And, when the rare sunny day comes along (and even when it doesn't), Anchorage puts on its outdoorsmen's hat. Nestled between the Chugach Mountains and the ocean, the city is ideally situated for outdoor play. On Flattop Mountain, blueberry-pickers, trail-runners, dog-walkers and even the occasional moose test themselves against the steep climb to the summit (or linger on the gentler, bottom slopes). In the city center, bikers, walkers and rollerbladers stretch their legs on the 11-mile Tony Knowles coastal trail that rims the city. You can't walk very far downtown without passing at least one bike rental place. And down at Ship Creek, not far from the port, fishermen attempt to catch their dinner in the form of big, meaty salmon.
And, if Anchorage's multiple facets don't suit, the surrounding natural areas are available to anyone who doesn't mind spending a few hours on a bus, train or bush plane. South of the city, Prince William Sound and the Kenai Fjords beckon with their dramatic glacial ice and variety of sea life. North of town, Talkeetna offers a glimpse into Denali National Park and the lofty Mt. McKinley, especially if you can take to the skies. Wilderness hikes, salmon-fishing and even bear-watching are accessible in one very full day from Anchorage.

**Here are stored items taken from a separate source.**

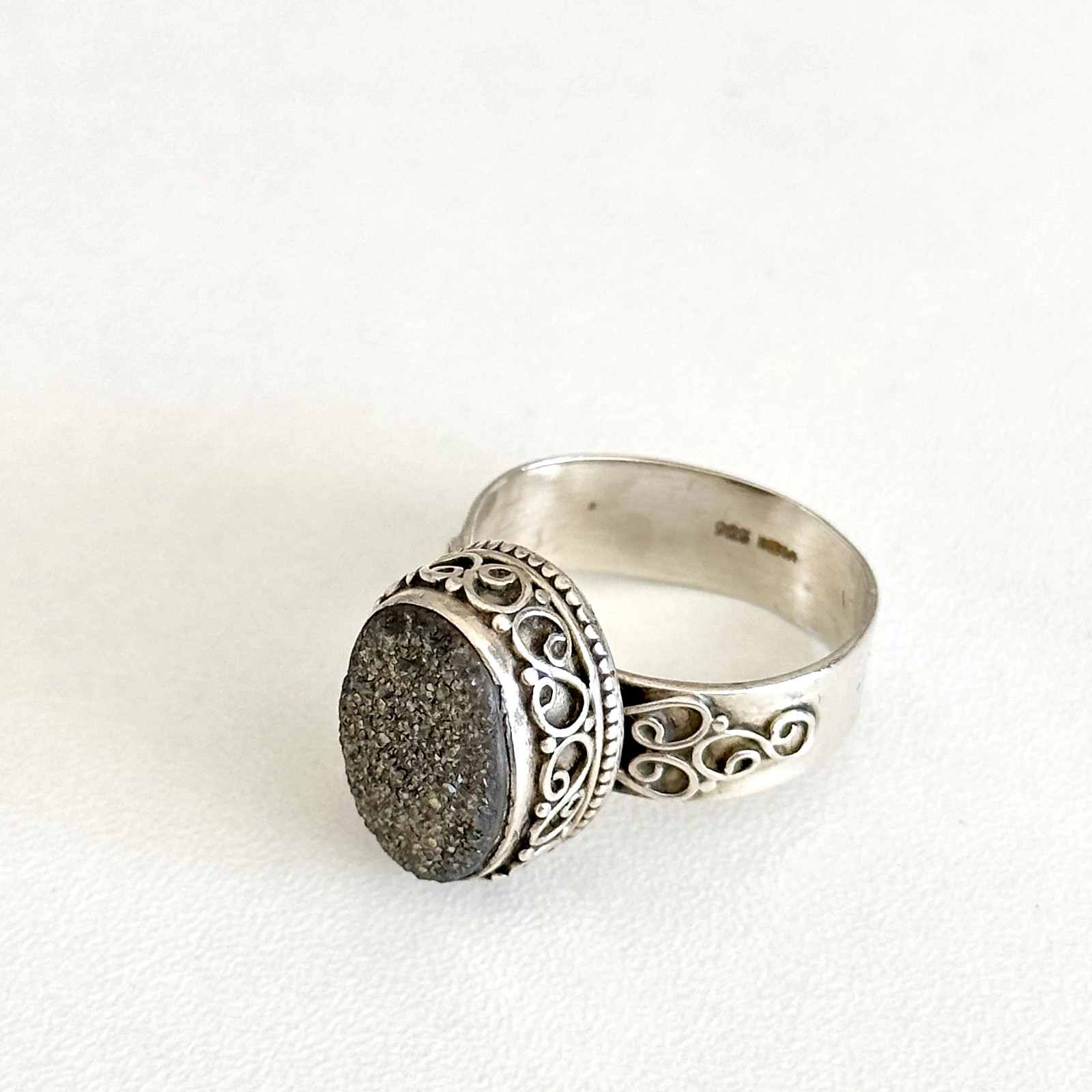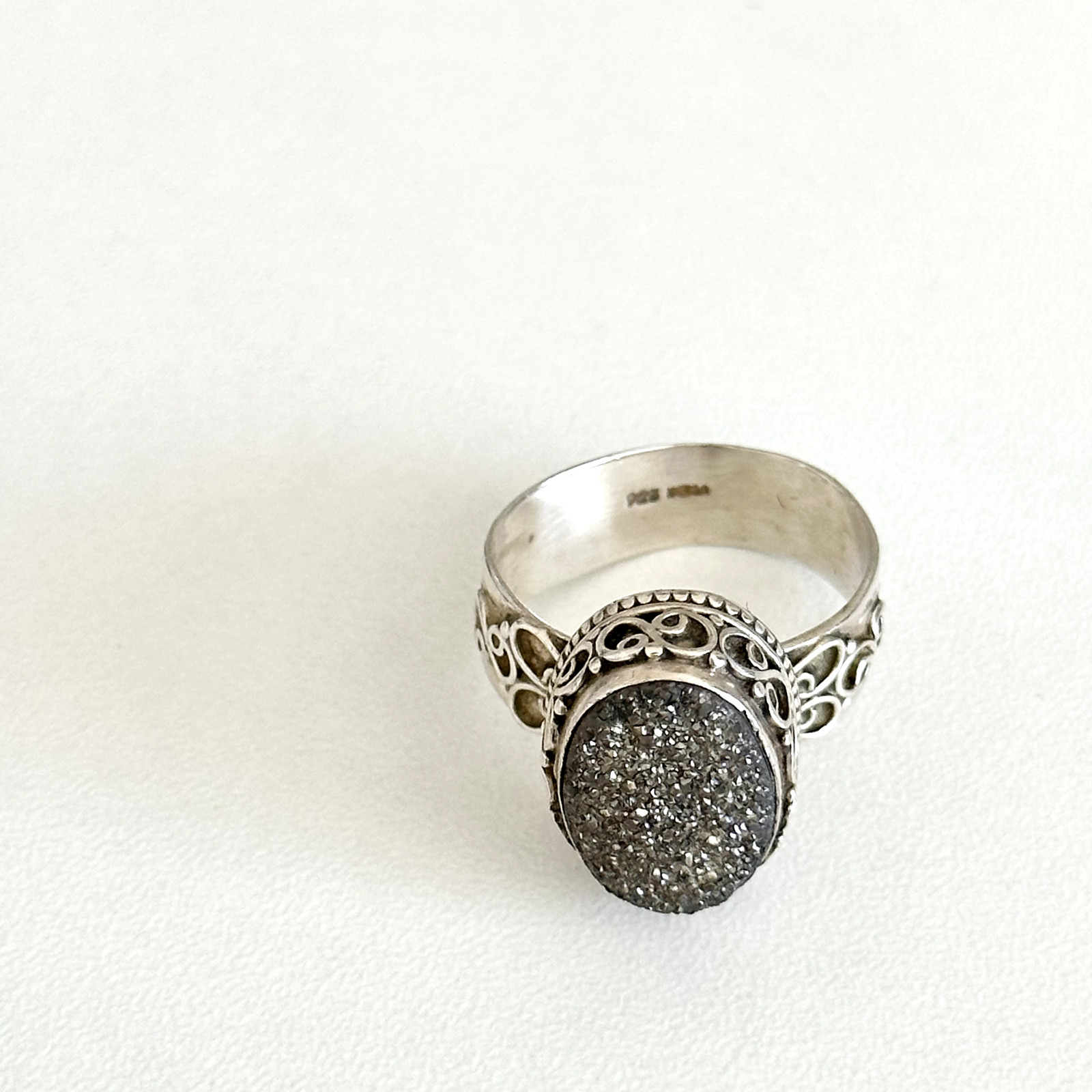 Vintage 925 Sterling Silver India Druzy Quartz Filigree Scroll Ring Size 6.75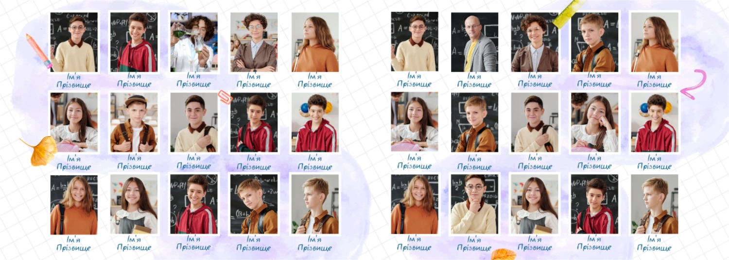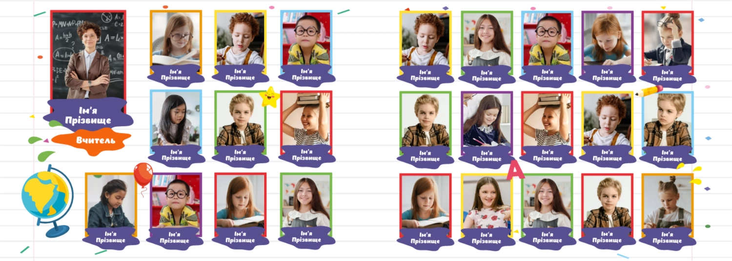 Шаблон "Люблю школу" є прекрасним вибором для створення випускної фотокниги в стилі шкільного зошита. Цей шаблон оформлений в яскравих кольорах, що нагадують обкладинку звичайного зошита, і містить різні елементи, пов'язані зі шкільною тематикою. На кожній сторінці фотокниги ви знайдете унікальні шкільні елементи, такі як лінії для написання, клітини, зошитові сторінки. Це створює атмосферу школи і дозволяє описувати найяскравіші моменти шкільного життя. Ви можете використовувати цей панорамний шаблон в онлайн-конструкторі, щоб створити унікальну фотокнигу своїми руками. Вам буде доступно багато функцій, таких як додавання фотографій, тексту, шрифтів, ефектів і навіть можливість прикрашати сторінки різними шкільними наклейками та ілюстраціями. Використовуйте шаблон "Люблю школу" в онлайн-конструкторі і створіть унікальний фотоальбом, який стане незабутнім подарунком для вас і ваших друзів або для зберігання спогадів про шкільні роки.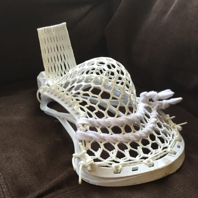 Scratches on the scoop and ball marks on the inside. Otherwise it is in perfect shape. Pictures are of actual head but not mesh or strings. Will sell unstrung but no price change. NO TRADES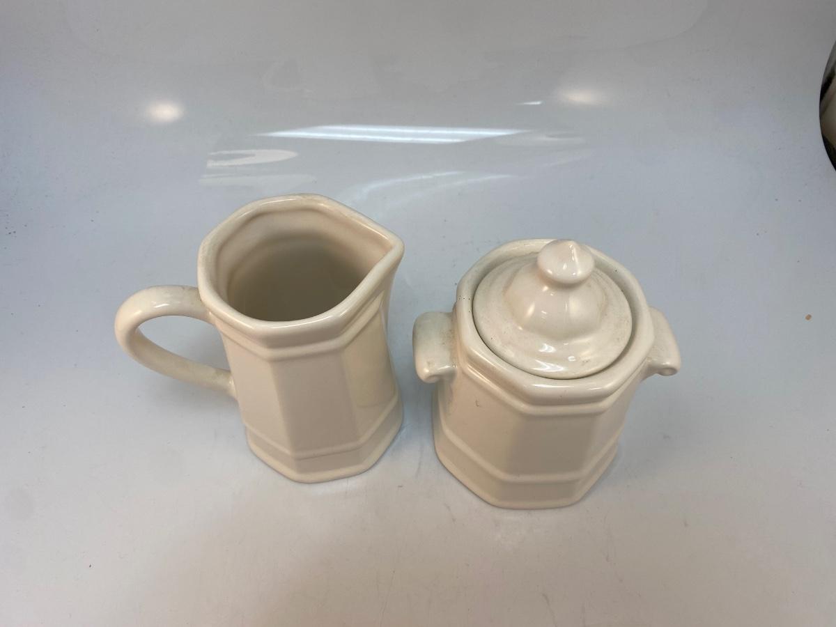 Pfaltzgraff Heritage White Ceramic Lidded Sugar Bowl & Creamer Set. In good condition. Great with almost every decor style.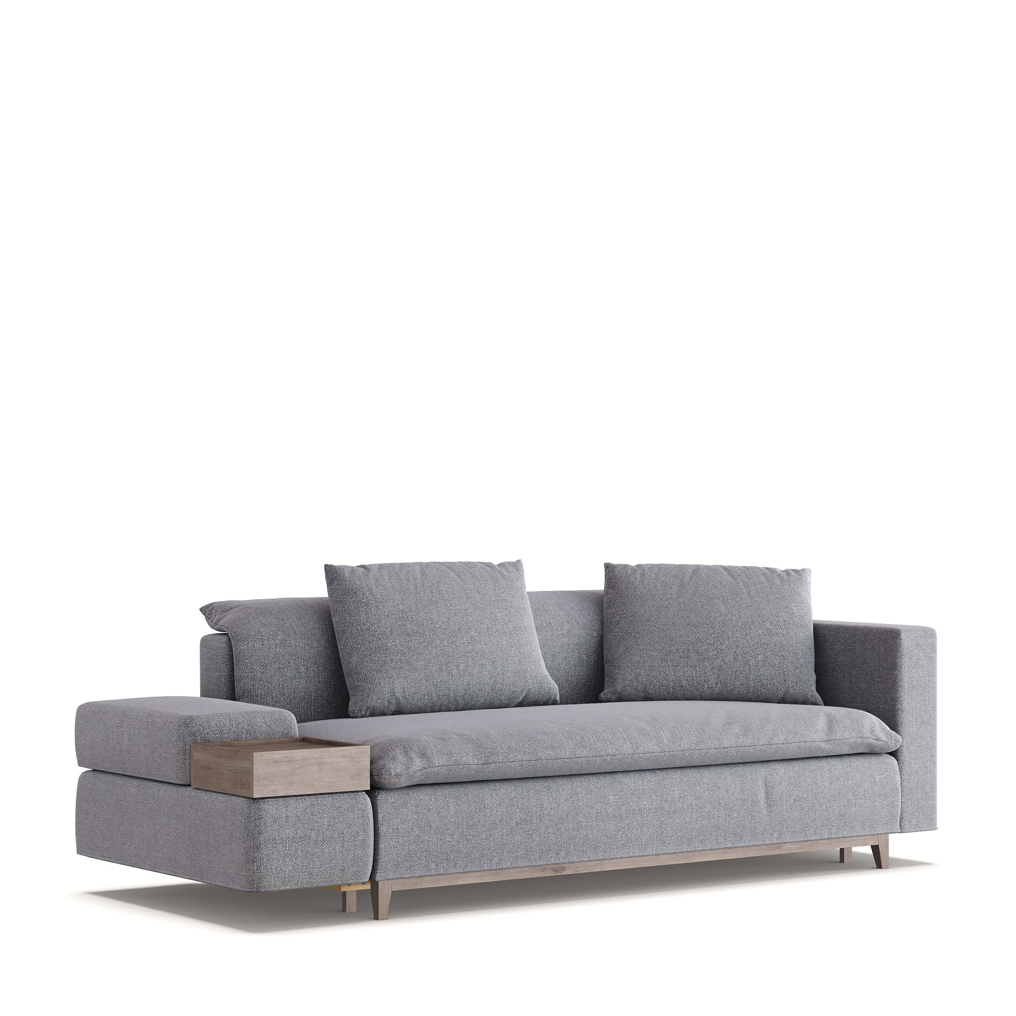 Прямой диван LANZ в отделке практичной тканью «Рогожка» рассчитан на три посадочных места. Механизм трансформации «Еврокнижка» и сбалансированный состав наполнителей позволяют использовать модель в качестве полноценного спального места. Диван оснащен одним узким и одним широким подлокотником с ящиком для хранения.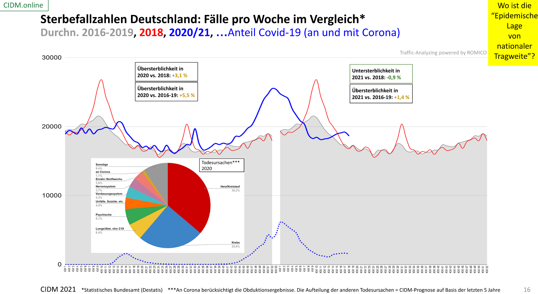 Sterbefallzahlen Deutschland bis Anfang Mai 2021 im Vergleich: Keine ungewöhnliche Entwicklung zu erkennen. Stand 09.05.2021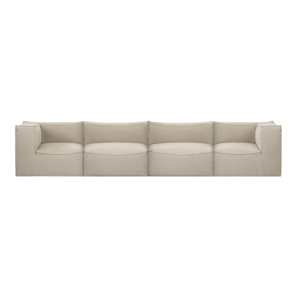 The embracing, beanbag-inspired shape of our low-slung Catena sofa is generously dimensioned for all-out relaxation and cosiness: we call it ‘low living'. The name Catena is inspired by the catenary curve, a u-like shape that a chain or cable adopts when supported only at its ends, and which is mirrored in the soft curves and top-stitched seams of the Catena sofa. With finely spun cotton-linen upholstery, the homely, module-based designs are made with innovative microcellular foam that ensures maximum comfort as well as durability. series comprises six individual modules that can be combined in multiple ways to create the desired expression. This item is part of our made to order customization concept. The materials have been handpicked in order to create this custom piece – the only one of its kind. Please note it cannot be exchanged or returned. Please note: This product is not available for UK delivery.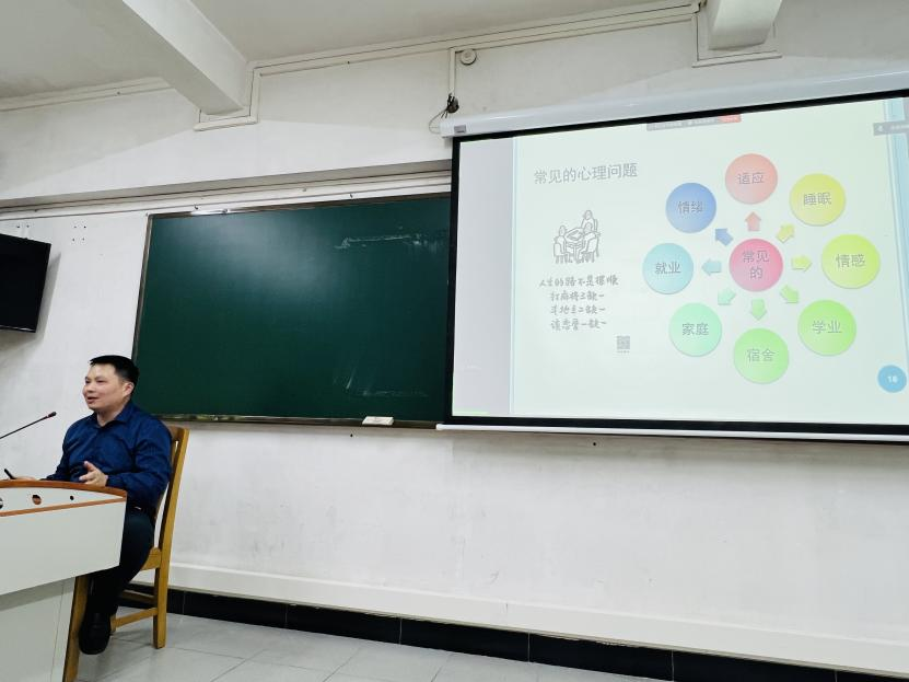 二级心理辅导站“每月一讲,从心开始”心理健康教育专题讲座邀请学校心理咨询中心咨询师曾海宽老师主讲。活动由学院党委委员、二级心理辅导站负责老师倪娉婷主持,各年级40余名学生参与。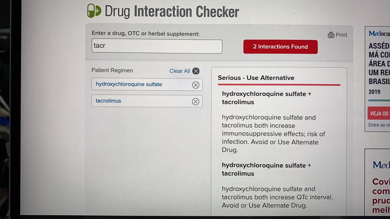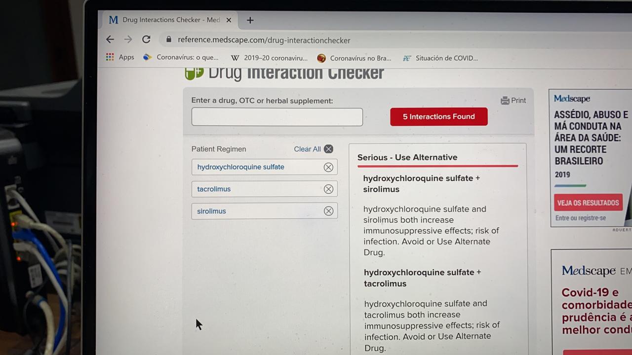 No site Drug Interaction Checker, essas interações são todas desaconselhadas. “Evite ou use um medicamento alternativo”, diz o alerta (veja abaixo).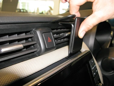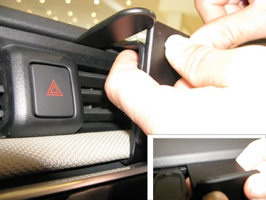 Press the thin end of the enclosed gap opener into the gap between the frame surrounding the air vent and the dashboard, to widen the gap. Press/Hook the angled edge on the lower part of the ProClip into the gap between the center console and the dashboard.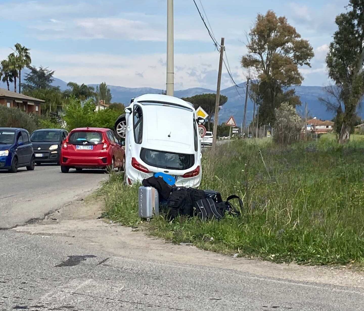 Incidente su strada Chiesuola, auto finisce in verticale su un palo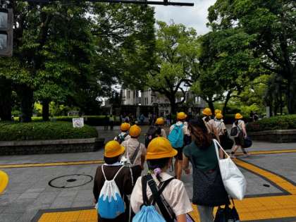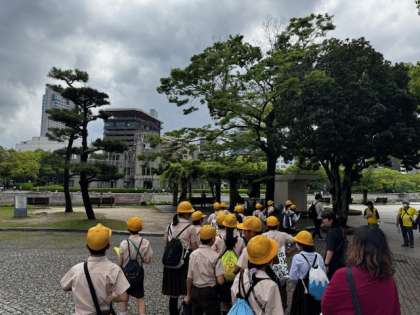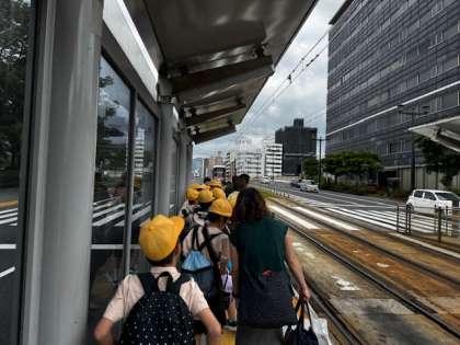 路面電車を降りて、平和記念公園内を移動します。このあと平和集会を行います。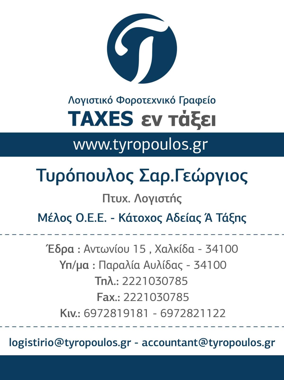 Ενημέρωση και τήρηση βιβλίων με απλογραφική και διπλογραφική μέθοδο. Συμβουλευτική ενημέρωση για την καλύτερη δυνατή εξέλιξη της επιχείρησής σας υπό την εποπτεία μα, Εργατικά και ασφαλιστικά θέματα. Ενημέρωση για τα επιδοτούμενα προγράμματα ΕΣΠΑ – ΟΑΕΔ κλπ. Δηλώσεις φορολογίας εισοδήματος φυσικών προσώπων και νομικών προσώπων. Περιοδικές και εκκαθαριστικές δηλώσεις, ΦΠΑ. Επίσης μπορούμε να σας ενημερώσουμε για την συνταξιοδότησή σας. Αυτές είναι μερικές από τις υπηρεσίες που σας προσφέρει το λογιστικό φοροτεχνικό γραφείο μας και το κυριότερο είμαστε δίπλα σας όποτε μας χρειαστείτε.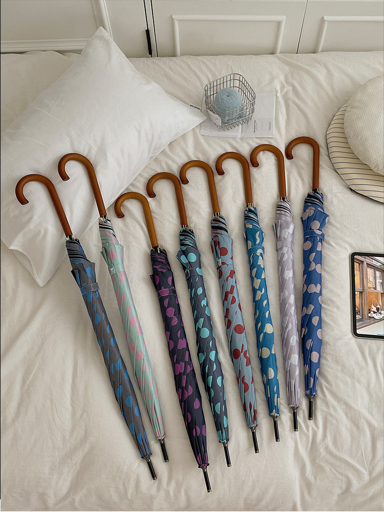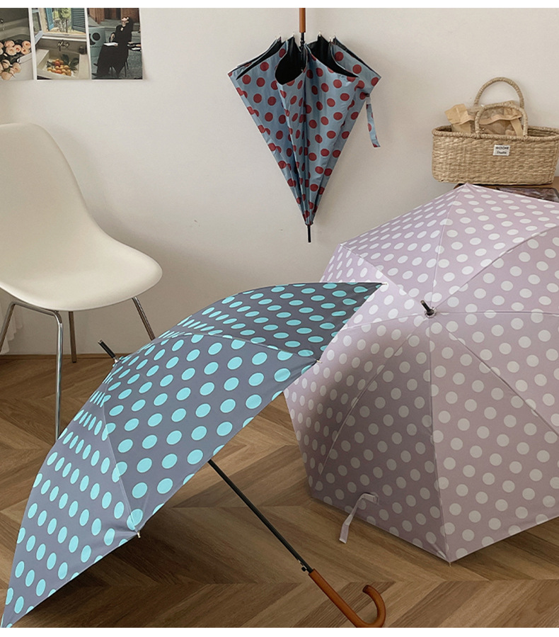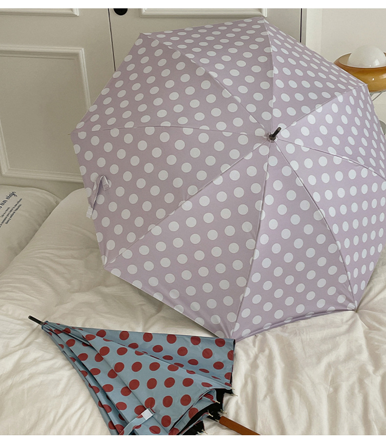 여성용 긴 손잡이 우산 레트로 대형 웨이브 포인트 스트레이트 로드 강화 방풍 및 방비 이중 사용 자외선 자동 햇빛 우산

Cruise passengers visit Anchorage in a variety of ways. Some book extra time in the city before or after a cruise into or out of Seward or Whittier. Others overnight there as part of a cruisetour, a combination cruise and land tour. In 2014, Holland America Line plans to return to Anchorage as part of the line's 14-night Alaska itinerary, a trip first debuted in 2010. The stop in Anchorage is a full-day port of call, docking right at the city's port.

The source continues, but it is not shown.